A Coface, empresa especializada em seguro de crédito, divulgou projeções otimistas para a economia global, indicando que a globalização se manterá resiliente e o Produto Interno Bruto (PIB) mundial experimentará uma desaceleração marginal em 2026. Em 2025, o PIB global surpreendeu positivamente com um crescimento de 2,8%, impulsionado pela capacidade de adaptação das grandes empresas, mesmo diante da nova política tarifária dos Estados Unidos sob a administração de Donald Trump e outros riscos geopolíticos. Para o ano seguinte, a expectativa é de uma leve desaceleração para 2,6%, o que ainda reflete uma resiliência notável.

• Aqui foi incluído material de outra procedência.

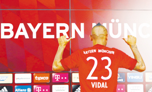 当地时间7月28日,比达尔在现场展示自己的新球衣。当日,德甲拜仁慕尼黑俱乐部与来自意甲尤文图斯队的智利中场悍将比达尔正式签约,比达尔的加盟将填补前拜仁中场大将施魏因施泰格离开后的空缺。新华社发
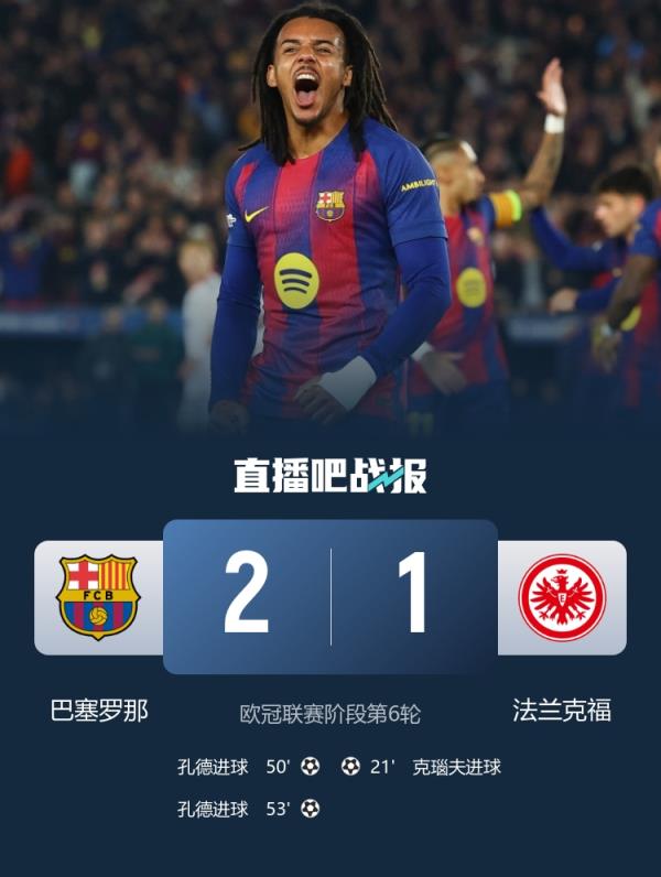 欧冠联赛阶段第6轮,巴萨2-1逆转法兰克福,孔德梅开二度。
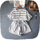 2017夏装新款时尚套装女 圆领条纹T恤+松紧腰纯色短裤 学生两件套
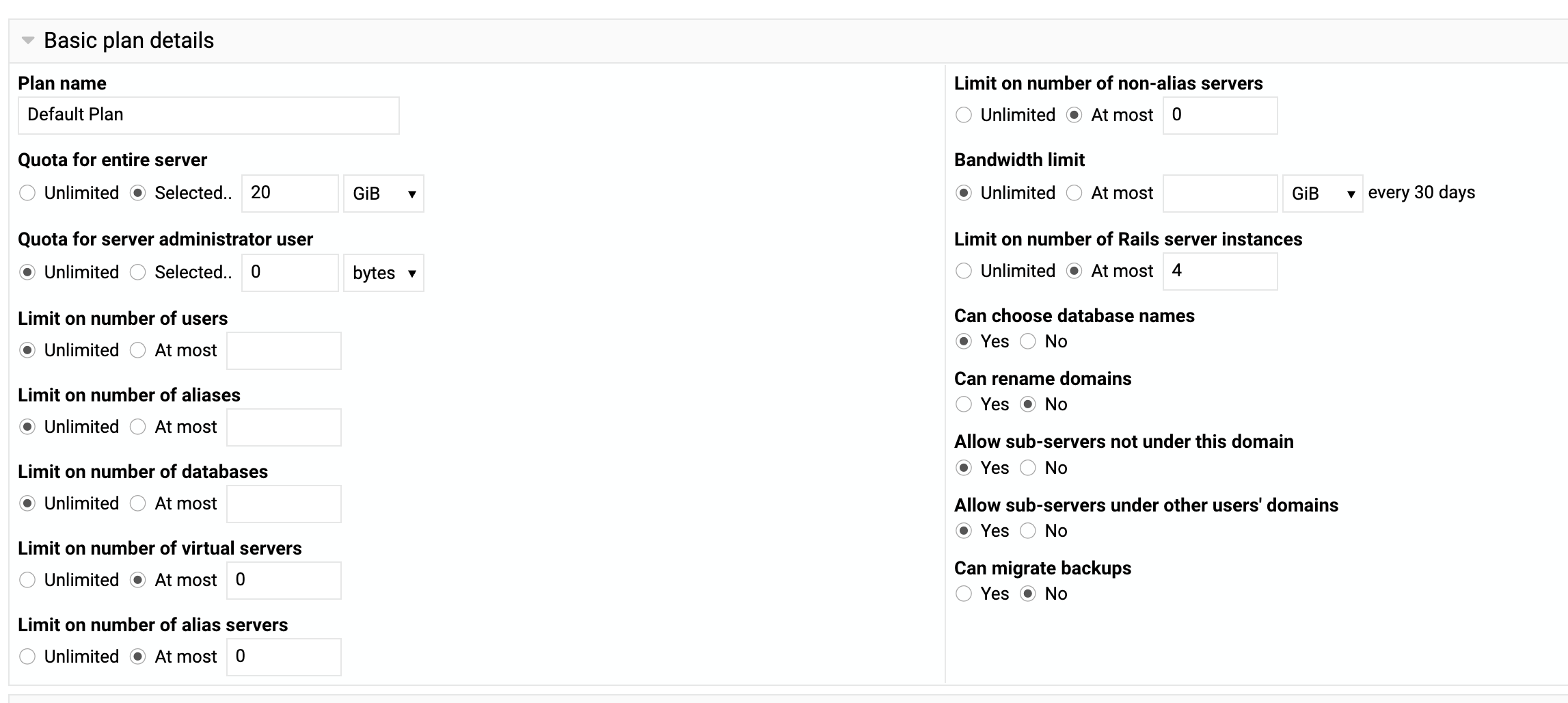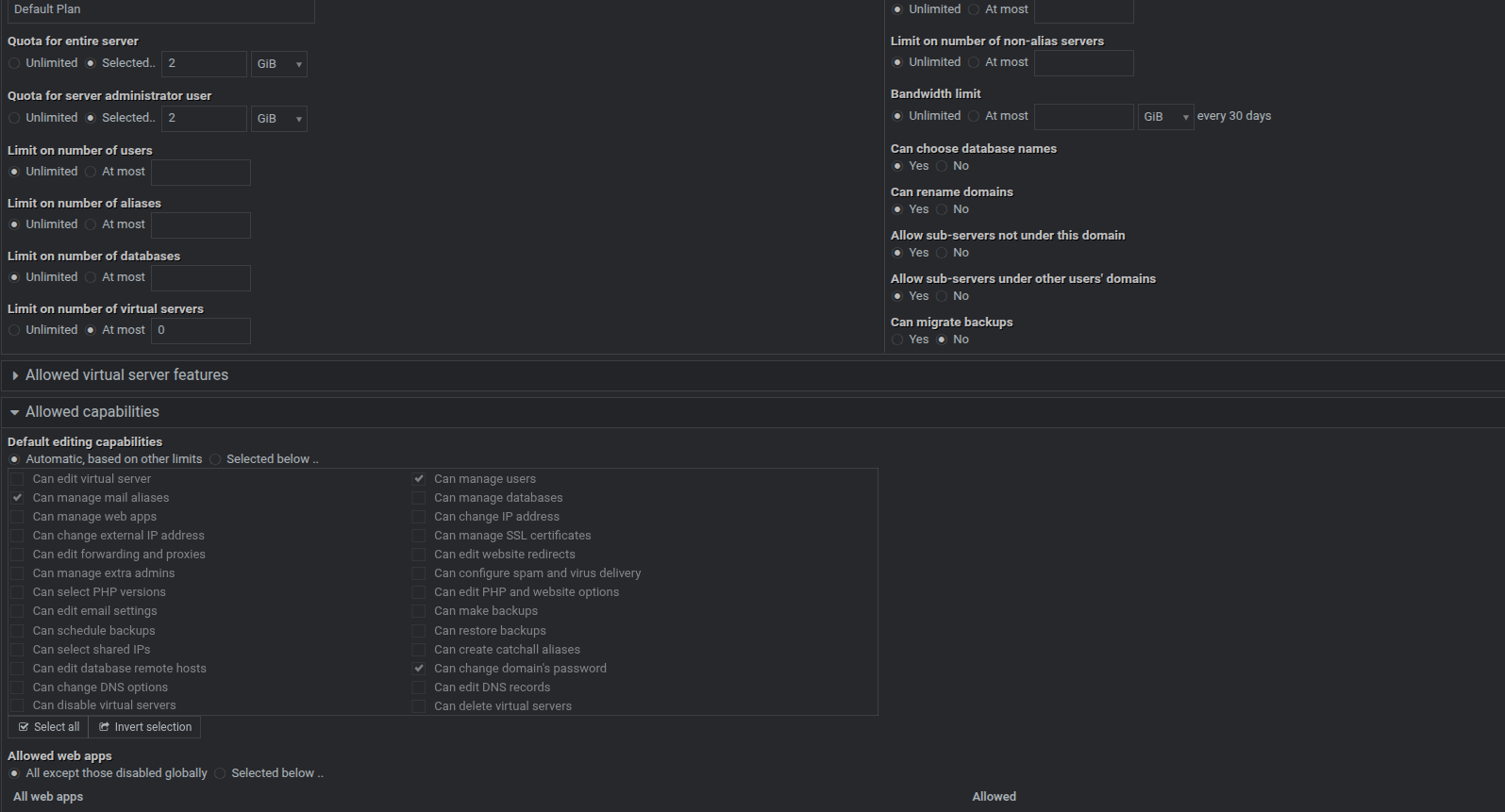 Wait, how did you set that into account plans since there is no option “Cannot create” for Maximum allowed sub-servers and aliases? Or at least I don’t have that option there as shown in my screenshots.
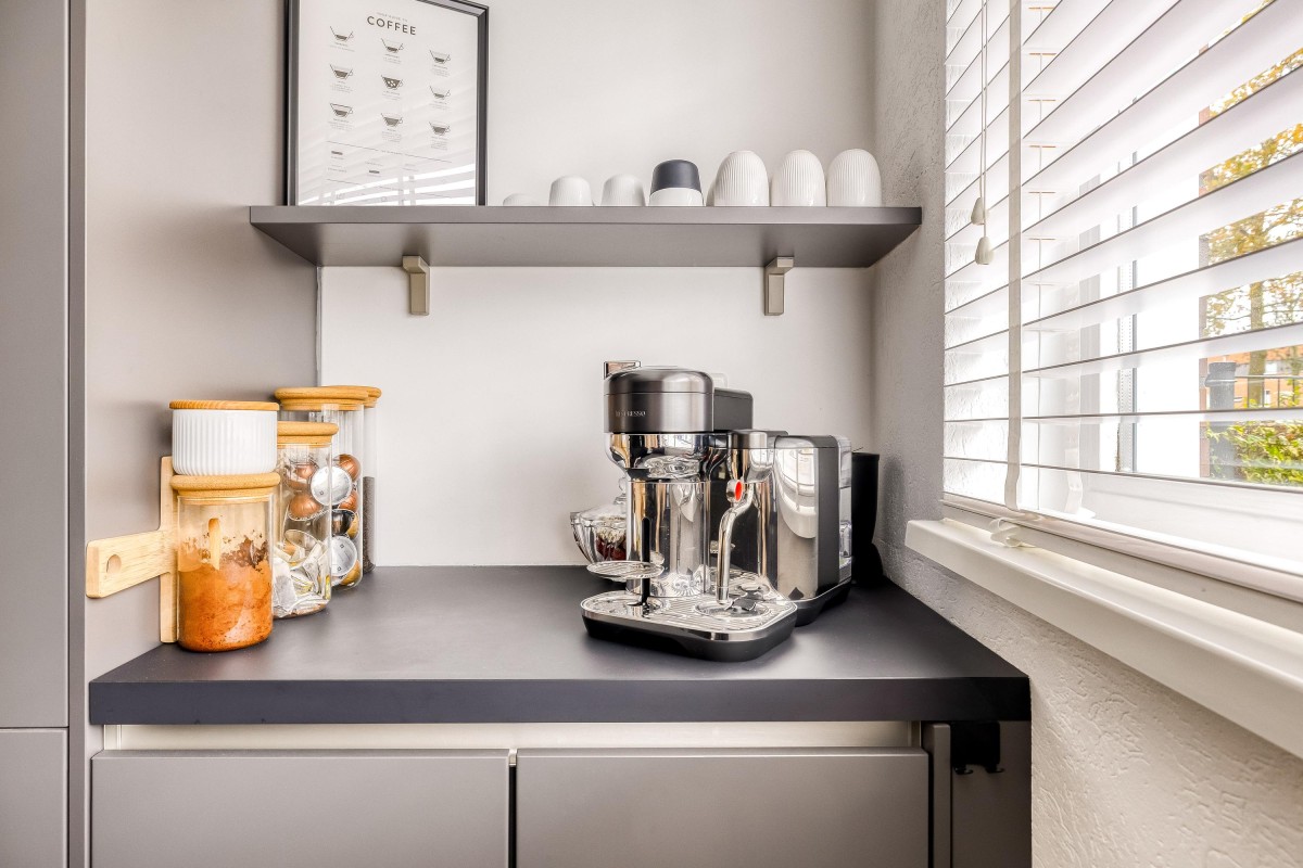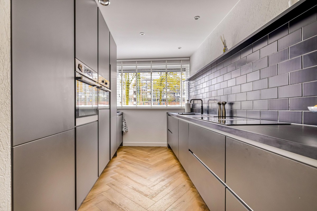 De moderne, luxe keuken (geïnstalleerd in 2020) bevindt zich aan de voorzijde van de woning. Met inbouwapparatuur zoals een vaatwasser, koelkast, combioven, inductiekookplaat met geïntegreerde afzuiging en een Quooker, is deze keuken zowel praktisch als stijlvol.
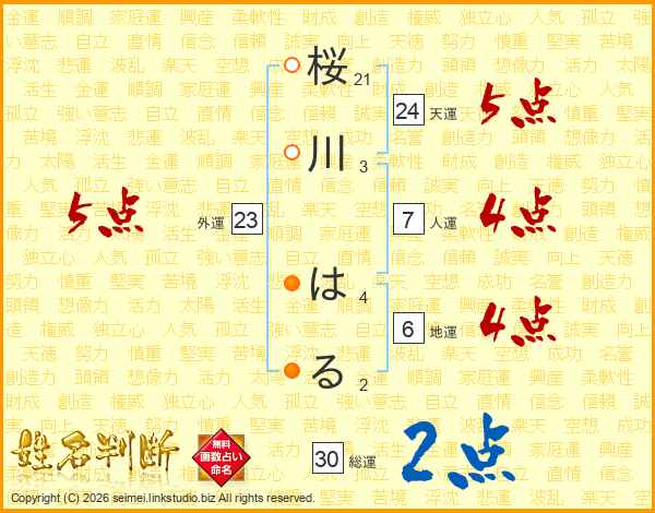 桜川はるさんの総運は30画の2点!
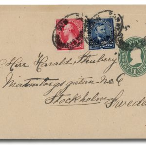 MRS1856 – 1898 2c Washington (#279B) and 5c Grant on Cover to Stockholm, Sweden
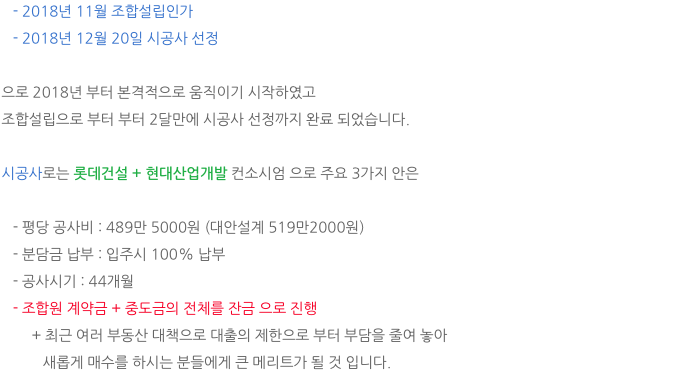 조합원 계약금 + 중도금의 전체를 잔금 으로 진행

Contudo, a Coface aponta para diversos riscos que podem impactar o cenário em 2026, como as tensões geopolíticas na América Latina e Groenlândia, o alto endividamento global com juros elevados, as incertezas na política econômica americana e uma possível correção no desempenho de empresas de inteligência artificial. O crescimento econômico será desigual, com a China registrando uma desaceleração para 4,6% e a Europa, em particular a Alemanha, apresentando perspectivas mais favoráveis. Em relação às commodities, a previsão é de queda nos preços de petróleo e alimentos, enquanto metais podem ter alta demanda devido à IA e Defesa.